◆ **Dataset excerpt**:
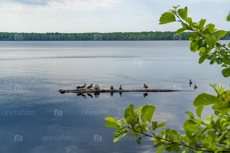 Дикие утки мирно сидят на бревне в озере. Всеволожск. Ленинградская область
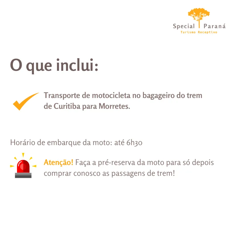 Só vendemos o lugar da moto se você comprar a passagem de trem conosco. Temos opções da turística à luxo, com vários níveis de conforto.
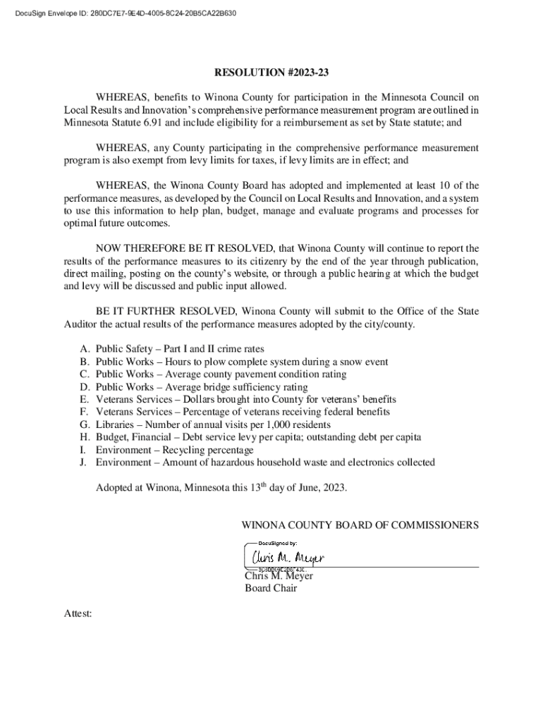 DocuSign Envelope ID: 280DC7E79E4D40058C2420B5CA22B630RESOLUTION #202323 WHEREAS, benefits to Winona County for participation in the Minnesota Council on Local Results and Innovations comprehensive

◆ **Problem statement**:
What is needed is a verbatim copy of the lines running from the one with "Só vendemos o" through the last line of the listing above, excluding any pictures.

◆ **Result**:
 Só vendemos o lugar da moto se você comprar a passagem de trem conosco. Temos opções da turística à luxo, com vários níveis de conforto.
 DocuSign Envelope ID: 280DC7E79E4D40058C2420B5CA22B630RESOLUTION #202323 WHEREAS, benefits to Winona County for participation in the Minnesota Council on Local Results and Innovations comprehensive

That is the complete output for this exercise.